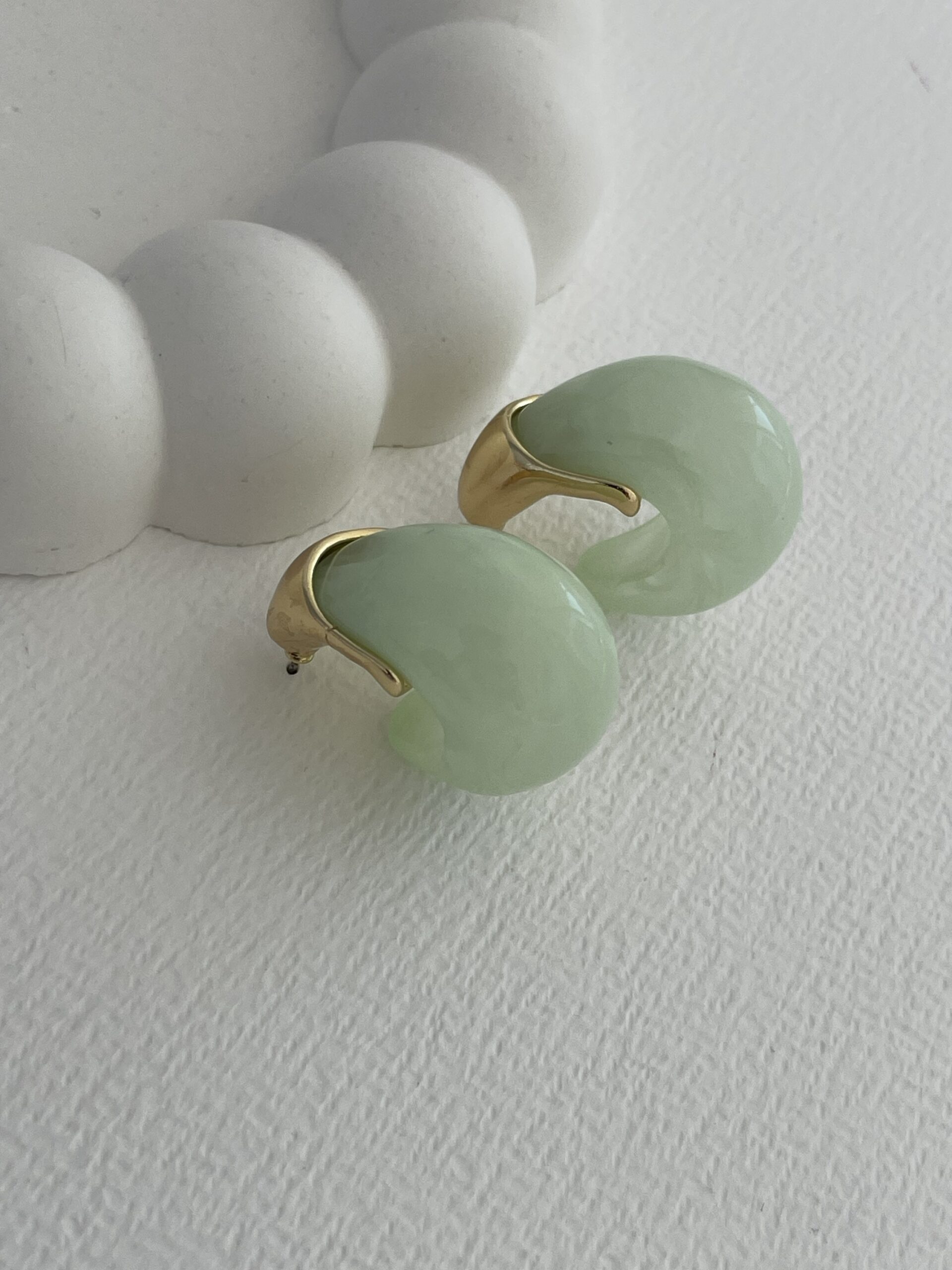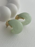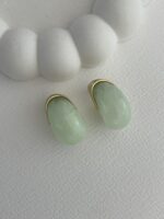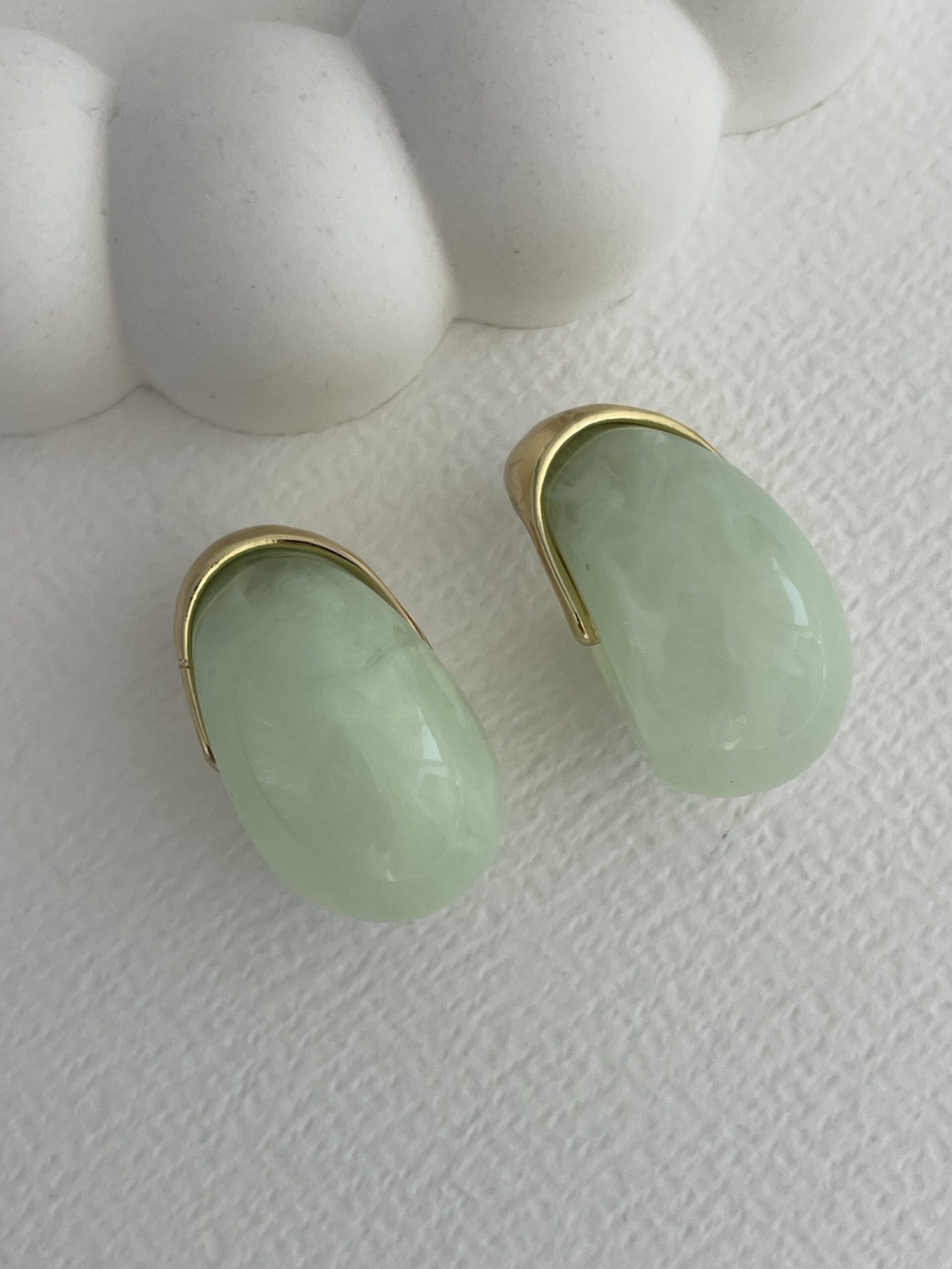 Özel Seri Saydam Yeşil Damla Tasarım Gold Detay Küpe
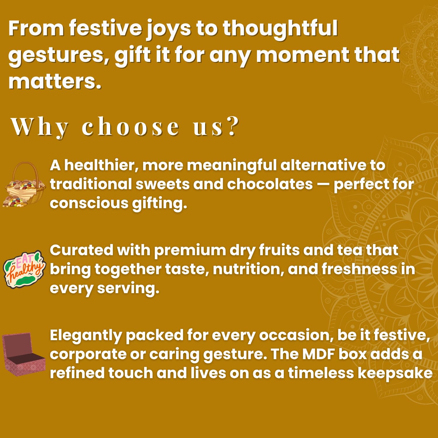 This luxurious hamper features a carefully curated trio of the finest dry fruits:
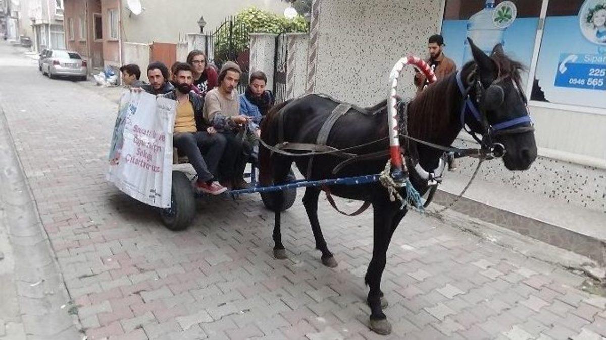 Edirne’de "Sokakta Sanat Var Derneği" üyeleri, İstanbul’da gerçekleşecek kültürel etkinlikleri için bir kurum tarafından ulaşım yardımı göremeyince tepkilerini at arabasıyla gösterdiler.Bir kuruma İstanbul’da gerçekleşecek etkinliklere katılmak için ulaşım başvurusu yapan gençlerin istekleri reddedilince, gençler çareyi at arabasına binerek İstanbul’a gitmekte buldu. Gençler, dernek binaları önünden hareket ederek İstanbul’a kadar at arabasıyla gideceklerini ifade ettiler.Sokakta Sanat Var Dernek Başkanı Türkü Neval Köse, yaptığı açıklamada, “Sanatın en kapsamlı ayağını Edirne’de biz yürütüyor olmamıza rağmen bazı kurumlar tarafından hiçbir şekilde destek verilmiyor. Eğer ulaşımımız sağlanmazsa biz de kendi imkanlarımızla gideriz İstanbul’a. Bu yüzden de at arabasıyla yola çıkıyoruz. Yarın İstanbul’da görüşmek üzere” dedi.
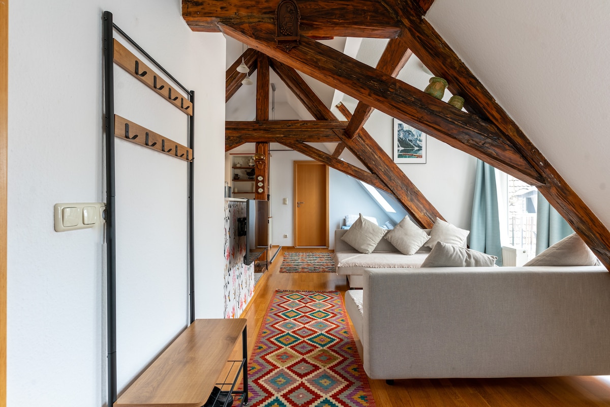 Hermoso apartamento en el ático con entrada independiente en el centro de Maguncia-Gonsenheim, el barrio más popular de Maguncia. Te encantará por las tablas de madera, el gran ambiente de una casa de más de 100 años, la excelente ubicación con restaurantes, tiendas y zonas de ocio a poca distancia. La parada de tranvía más cercana está a dos minutos a pie, por lo que estarás rápidamente en la estación central de tren de Maguncia y desde allí en tren o S-Bahn igualmente rápido en Wiesbaden, Frankfurt, Darmstadt, .... Nuevo: Netflix, DAZN, aplicaciones
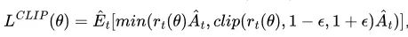选择最小值: 1)基于新策略直接计算出来的值,2)经过剪辑后的值,保持训练的稳定性。
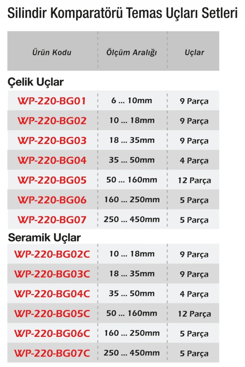 Werka Silindir Kompratörü Çelik / Seramik Temas Uçları Setleri, iç çap ölçümlerinde farklı yüzey türlerine uyum sağlayabilen çok yönlü bir çözümdür. Set içerisindeki uçlar, çelik ve seramik seçenekleri ile hem dayanıklılığı hem de çizilmeye karşı hassasiyeti bir arada sunar. Seramik uçlar özellikle yumuşak yüzeyli veya kaplamalı parçaların ölçümünde kullanılırken, çelik uçlar genel endüstriyel yüzeylerde mükemmel performans gösterir. Bu set, Werka silindir kompratörleriyle tam uyumludur ve ölçüm doğruluğunu artırır.
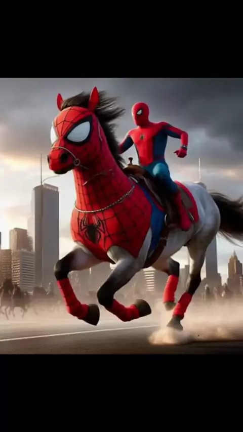 Homem aranha cavalgando com seu cavalo spidercavalo #spiderman #desenhoanimado #niños
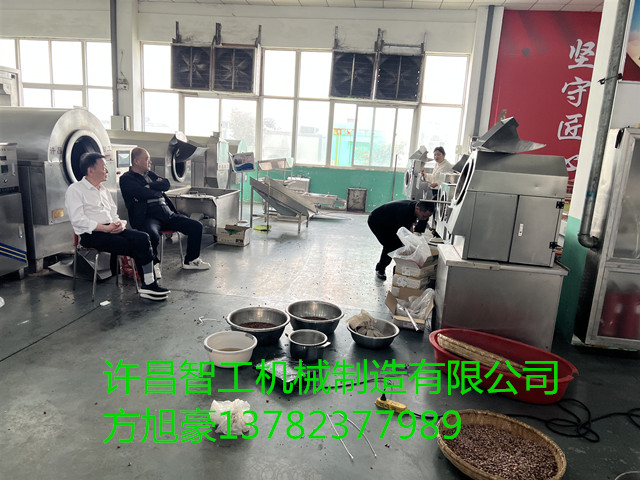 現(xiàn)場用小型電磁炒貨機和流水線設備進行多方位試驗炒制,客戶非常滿意。
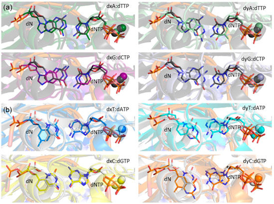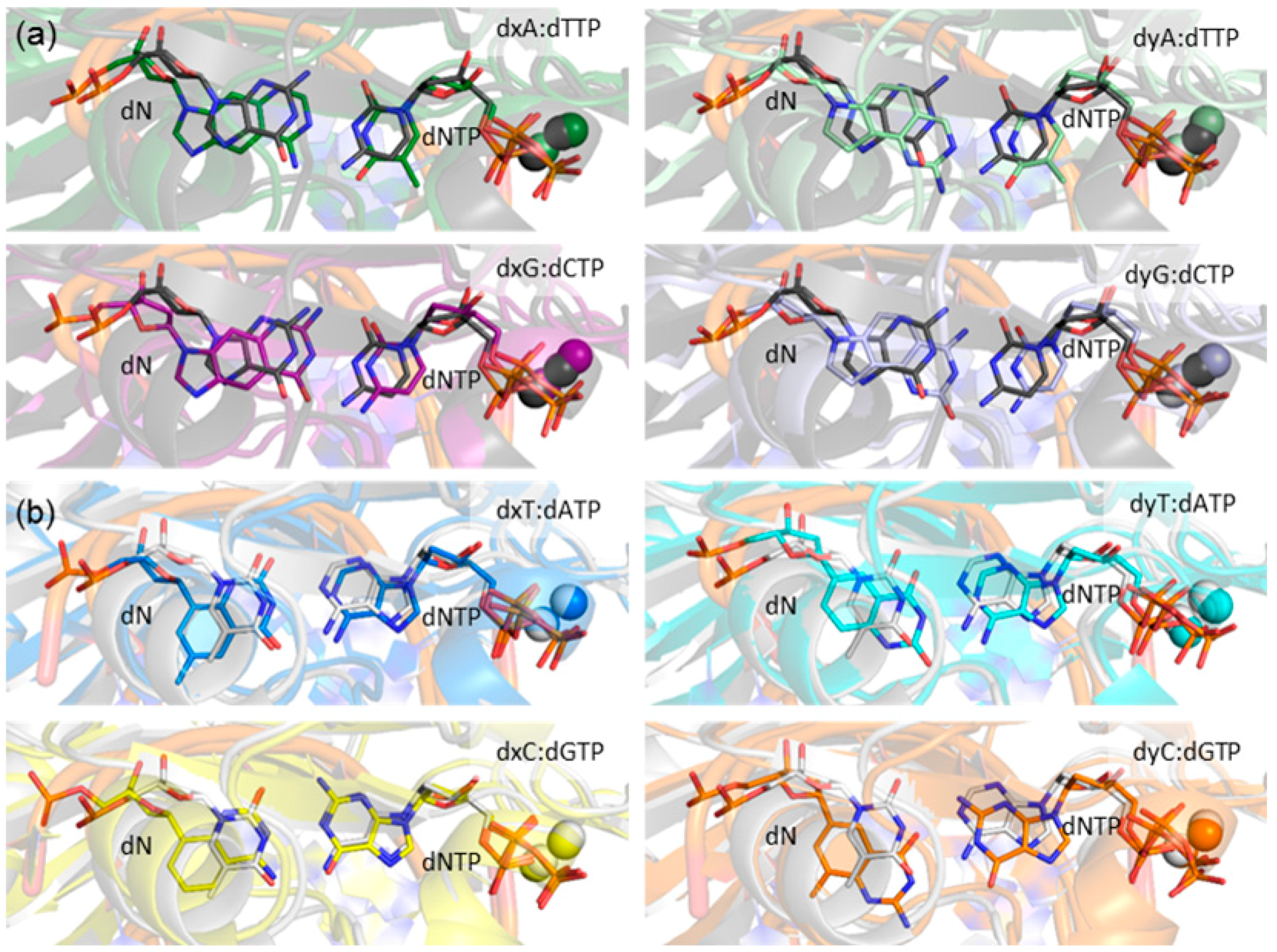 2.5. Canonical dN:dNTP Base-Pair Interactions Are Maintained for (x,y)DNA Bases, with the Exception of dyC, dxC and dyA
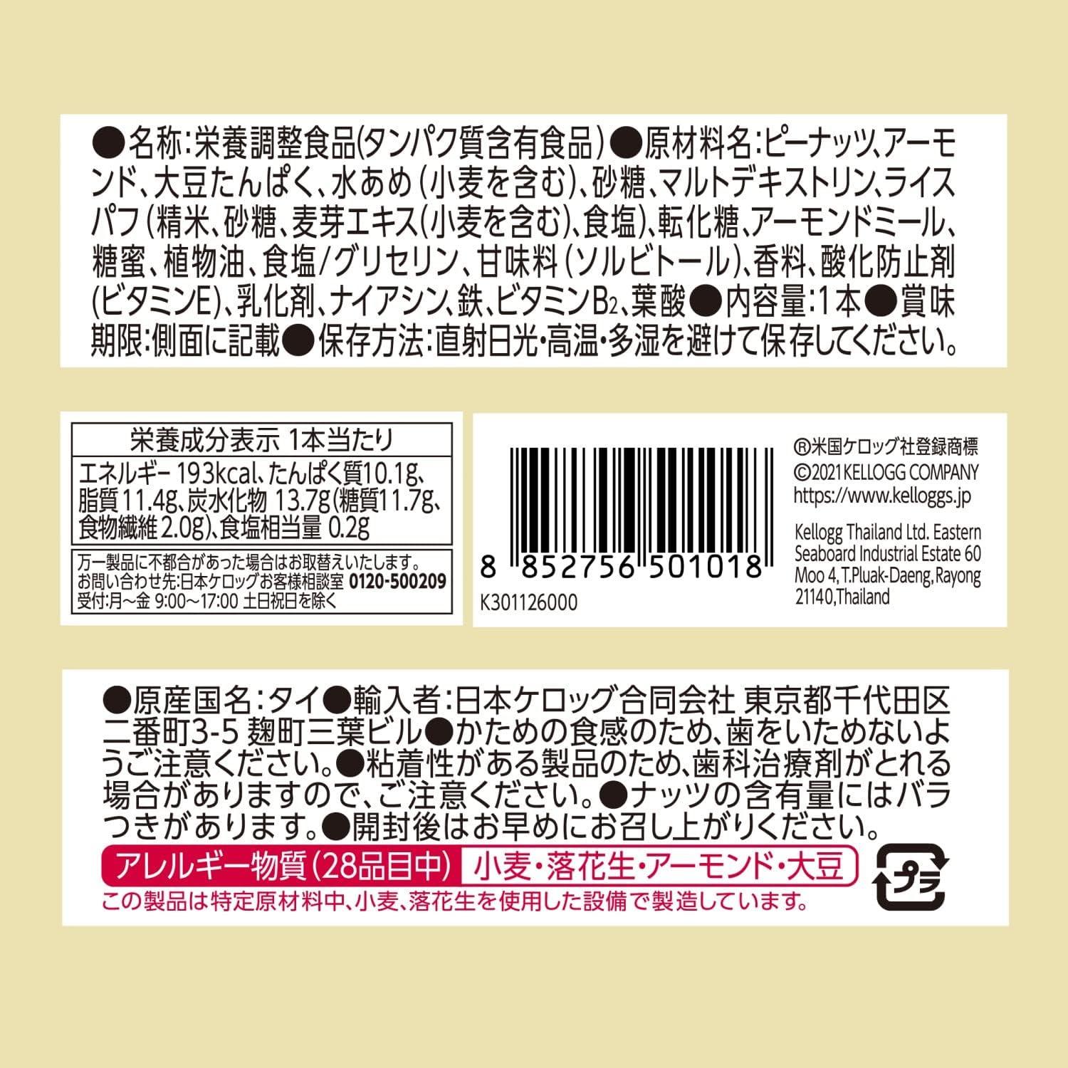 花生、杏仁、大豆蛋白、澱粉糖漿(含小麥)、砂糖、麥芽糊精、膨化米(精米、砂糖、麥芽萃取物(含小麥)、鹽)、轉化糖、杏仁粉、糖蜜、植物油、鹽/甘油, 甜味劑(山梨醇),調味劑,抗氧化劑(維生素E),乳化劑,菸鹼酸,鐵,維生素B2,葉酸
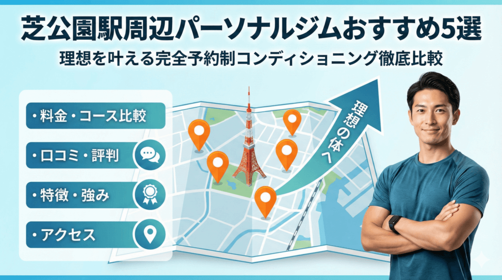 本記事では、芝公園駅近くのパーソナルジムを料金・距離・個室・女性向け・食事サポートで横断比較。週1・週2の費用感や、都度払い・回数券・月額制の向き不向きも整理しました。無料体験の流れや準備しておくべき情報も解説し、初めてでも迷わず一歩を踏み出せます。
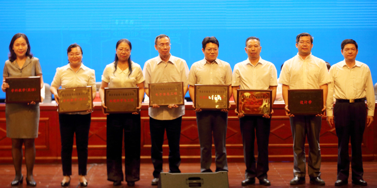 动员会上,学校向第六轮重点学科颁发牌匾、证书,并颁发2016-2017年优秀科研成果奖、科研十佳奖、陈伟南科研奖,以这种授牌、表彰的方式,激励各单位、全体教职员工聚焦申硕工作,为申硕工作奉献智慧和力量。
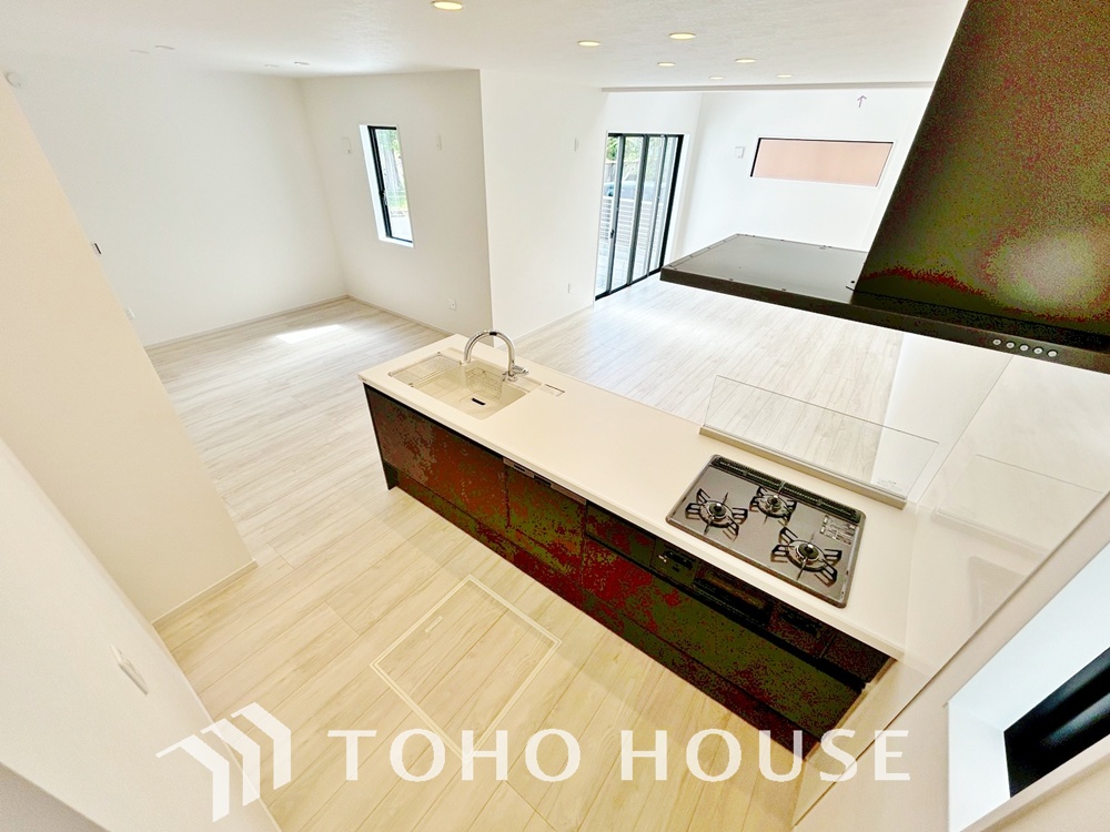 対面キッチンは、目線の先が空間の広がりのあるリビングやダイニングなので、開放感を感じられます。

----

## AIM OF THE TASK
Output the material word for word. Pictures do not go in.

## RESPONSE AREA
 Özel Seri Saydam Yeşil Damla Tasarım Gold Detay Küpe
 This luxurious hamper features a carefully curated trio of the finest dry fruits:
 Edirne’de "Sokakta Sanat Var Derneği" üyeleri, İstanbul’da gerçekleşecek kültürel etkinlikleri için bir kurum tarafından ulaşım yardımı göremeyince tepkilerini at arabasıyla gösterdiler.Bir kuruma İstanbul’da gerçekleşecek etkinliklere katılmak için ulaşım başvurusu yapan gençlerin istekleri reddedilince, gençler çareyi at arabasına binerek İstanbul’a gitmekte buldu. Gençler, dernek binaları önünden hareket ederek İstanbul’a kadar at arabasıyla gideceklerini ifade ettiler.Sokakta Sanat Var Dernek Başkanı Türkü Neval Köse, yaptığı açıklamada, “Sanatın en kapsamlı ayağını Edirne’de biz yürütüyor olmamıza rağmen bazı kurumlar tarafından hiçbir şekilde destek verilmiyor. Eğer ulaşımımız sağlanmazsa biz de kendi imkanlarımızla gideriz İstanbul’a. Bu yüzden de at arabasıyla yola çıkıyoruz. Yarın İstanbul’da görüşmek üzere” dedi.
 Hermoso apartamento en el ático con entrada independiente en el centro de Maguncia-Gonsenheim, el barrio más popular de Maguncia. Te encantará por las tablas de madera, el gran ambiente de una casa de más de 100 años, la excelente ubicación con restaurantes, tiendas y zonas de ocio a poca distancia. La parada de tranvía más cercana está a dos minutos a pie, por lo que estarás rápidamente en la estación central de tren de Maguncia y desde allí en tren o S-Bahn igualmente rápido en Wiesbaden, Frankfurt, Darmstadt, .... Nuevo: Netflix, DAZN, aplicaciones
选择最小值: 1)基于新策略直接计算出来的值,2)经过剪辑后的值,保持训练的稳定性。
 Werka Silindir Kompratörü Çelik / Seramik Temas Uçları Setleri, iç çap ölçümlerinde farklı yüzey türlerine uyum sağlayabilen çok yönlü bir çözümdür. Set içerisindeki uçlar, çelik ve seramik seçenekleri ile hem dayanıklılığı hem de çizilmeye karşı hassasiyeti bir arada sunar. Seramik uçlar özellikle yumuşak yüzeyli veya kaplamalı parçaların ölçümünde kullanılırken, çelik uçlar genel endüstriyel yüzeylerde mükemmel performans gösterir. Bu set, Werka silindir kompratörleriyle tam uyumludur ve ölçüm doğruluğunu artırır.
 Homem aranha cavalgando com seu cavalo spidercavalo #spiderman #desenhoanimado #niños
 現(xiàn)場用小型電磁炒貨機和流水線設備進行多方位試驗炒制,客戶非常滿意。
 2.5. Canonical dN:dNTP Base-Pair Interactions Are Maintained for (x,y)DNA Bases, with the Exception of dyC, dxC and dyA
 花生、杏仁、大豆蛋白、澱粉糖漿(含小麥)、砂糖、麥芽糊精、膨化米(精米、砂糖、麥芽萃取物(含小麥)、鹽)、轉化糖、杏仁粉、糖蜜、植物油、鹽/甘油, 甜味劑(山梨醇),調味劑,抗氧化劑(維生素E),乳化劑,菸鹼酸,鐵,維生素B2,葉酸
 本記事では、芝公園駅近くのパーソナルジムを料金・距離・個室・女性向け・食事サポートで横断比較。週1・週2の費用感や、都度払い・回数券・月額制の向き不向きも整理しました。無料体験の流れや準備しておくべき情報も解説し、初めてでも迷わず一歩を踏み出せます。
 动员会上,学校向第六轮重点学科颁发牌匾、证书,并颁发2016-2017年优秀科研成果奖、科研十佳奖、陈伟南科研奖,以这种授牌、表彰的方式,激励各单位、全体教职员工聚焦申硕工作,为申硕工作奉献智慧和力量。
 対面キッチンは、目線の先が空間の広がりのあるリビングやダイニングなので、開放感を感じられます。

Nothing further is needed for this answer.